Here are the resultsNames() from our dds object:
[1] "Intercept" "speciespen" "tissue1pollen"
[4] "tissue1style" "tissue1leaf.status_nested2" "tissue1pollen.status_nested2"
[7] "tissue1style.status_nested2" "tissue1leaf.status_nested3" "tissue1leaf.status_nested4"
[10] "speciespen.tissue1pollen" "speciespen.tissue1style"
The first contrasts were trying to compare pollen expression to leaf expression, and style expression to leaf expression irrespective of species:
pollen_v_leaf <- results(dds, contrast = c(0,0,1,0,0,0.33,0,0,0,1,0))
style_v_leaf <- results(dds, contrast = c(0,0,0,1,0,0,0.33,0,0,0,1))
The next contrast was trying to compare expression between species across all tissues:
lyc_vs_pen <- results(dds, contrast = c(0,1,0,0,0,0,0,0,0,0.33,1))

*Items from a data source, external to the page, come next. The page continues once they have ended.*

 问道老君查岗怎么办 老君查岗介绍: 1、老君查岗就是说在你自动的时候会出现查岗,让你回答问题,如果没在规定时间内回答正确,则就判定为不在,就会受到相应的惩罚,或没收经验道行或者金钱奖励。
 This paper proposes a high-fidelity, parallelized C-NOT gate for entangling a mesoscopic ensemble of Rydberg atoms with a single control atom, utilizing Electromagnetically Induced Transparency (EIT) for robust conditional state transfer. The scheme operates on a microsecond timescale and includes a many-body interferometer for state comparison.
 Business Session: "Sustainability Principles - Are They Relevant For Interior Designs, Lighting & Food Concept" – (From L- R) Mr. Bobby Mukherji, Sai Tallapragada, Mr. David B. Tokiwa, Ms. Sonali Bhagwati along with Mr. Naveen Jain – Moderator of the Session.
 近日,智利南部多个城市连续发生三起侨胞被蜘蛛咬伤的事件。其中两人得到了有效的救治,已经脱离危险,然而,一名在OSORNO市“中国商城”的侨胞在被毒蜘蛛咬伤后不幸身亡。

Then we ran two contrasts to try and compare pollen expression between species and style expression between species:
pollen_species <- results(dds, contrast = c(0,0,0,0,0,0,0,0,0,1,0))

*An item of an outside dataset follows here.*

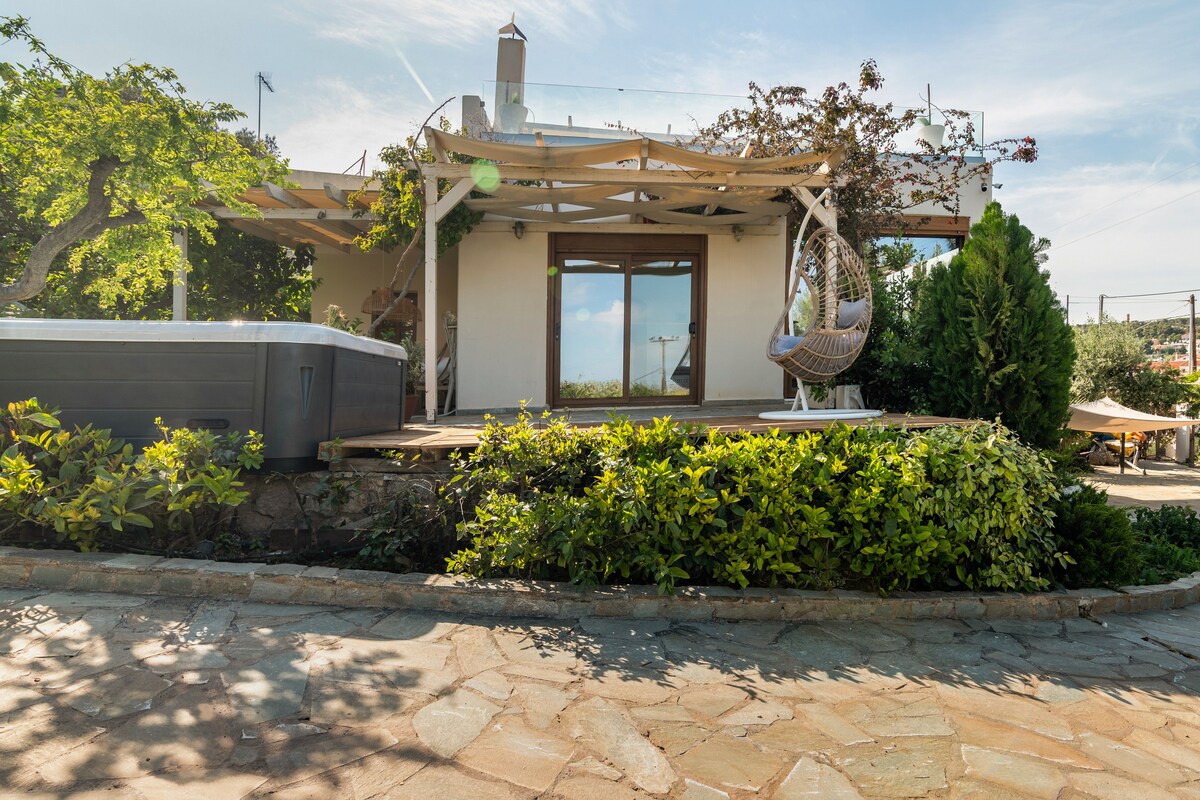 Privéwoning op 30 meter van de zee met privézwembad, een 5-persoons spa jacuzzi en geweldig uitzicht op zee vanuit alle ruimtes. Op loopafstand van lokale stranden, bars en restaurants Locatie op slechts 8 minuten van de luchthaven op 30 minuten van Athene met de auto. De eerste vier gasten verblijven in het hoofdhuis zoals je op de foto 's ziet. Extra gasten (maximaal 2 extra) kunnen in de koepeltent in dezelfde accommodatie verblijven, maar onafhankelijk van het huis. Vraag naar foto 's en informatie als je met meer dan 4 personen bent.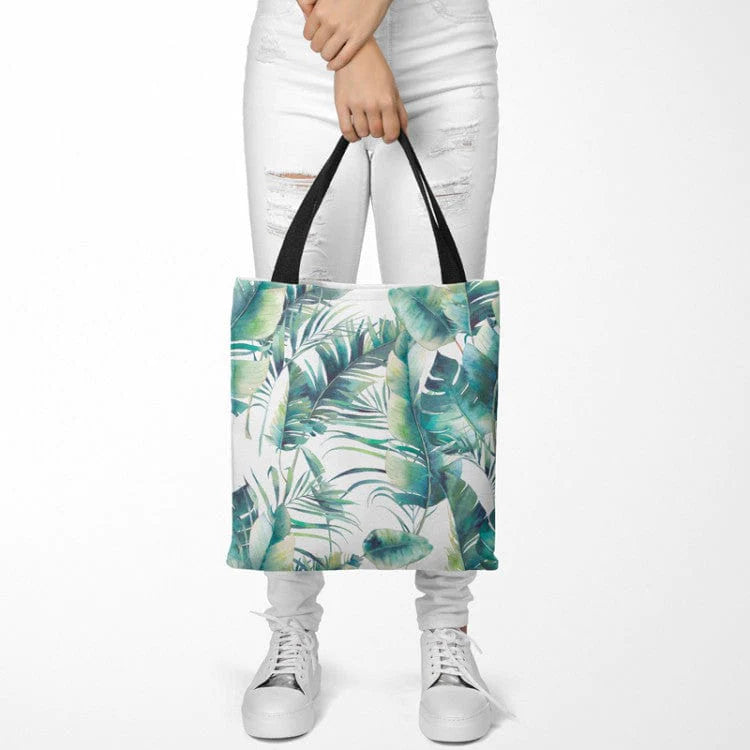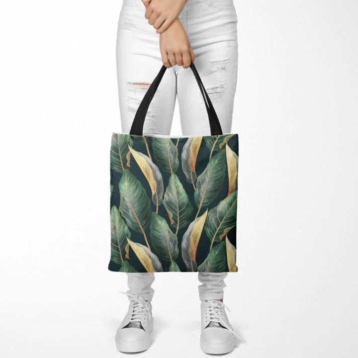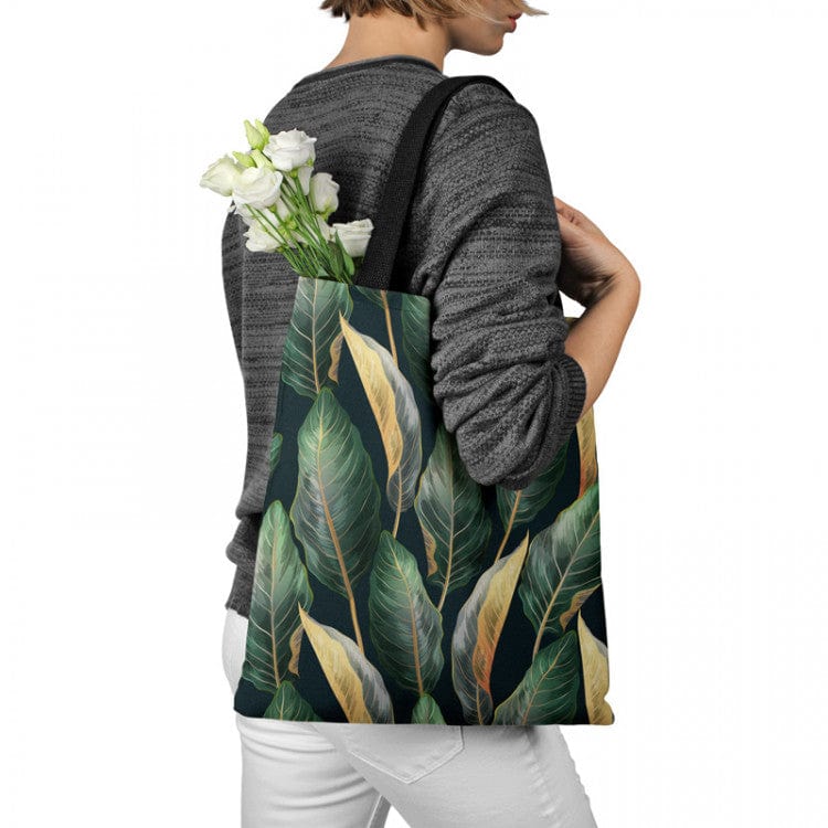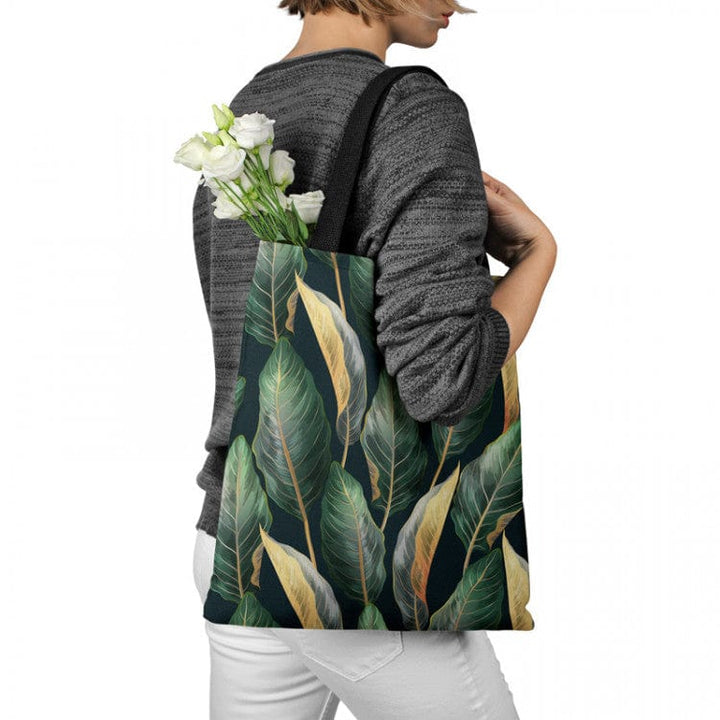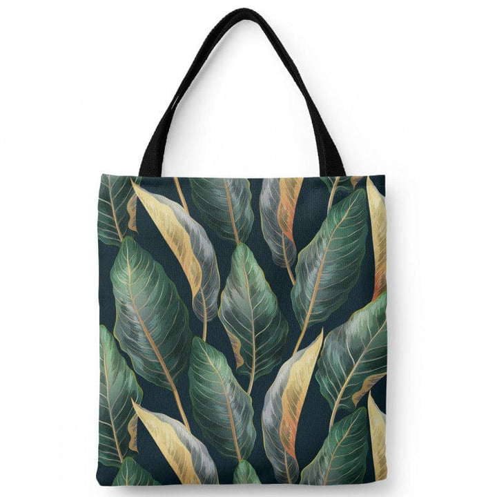 Iepirkumu maiss - Tropu raksts ar zaļam lapām un zeltu uz tumša fona, 147544

style_species <- results(dds, contrast = c(0,0,0,0,0,0,0,0,0,0,1))
The pollen species contrast was the first I noticed had issues, based on the log fold changes for certain genes being in opposite directions, despite changing expression a large amount in the same direction between species. Then I noticed that none of the log fold change results really made sense. I changed the pollen contrast to this to see if it would fix it:
pollen_speciesTest <- results(dds, contrast = c(0,0,1,0,0,0,0,0,0,1,0))
I changed it to this because I thought that adding the 1 in the third spot would possibly compare the pollen expression from one species ("tissue1pollen" from resultsNames for the third position) with the expression in the other species ("speciespen.tissue1pollen"). This resulted in the log fold change values being closer to ones I calculated for these species, but they still weren't exact, and many genes, especially those with considerable expression in none pollen tissues, were far off what the log fold change differences should have been for pollen.
Thank you for your time! If you have any idea about where things might be going wrong I would appreciate the assistance. If there's any other information you think would help in understanding the issue I will happily add it to this post.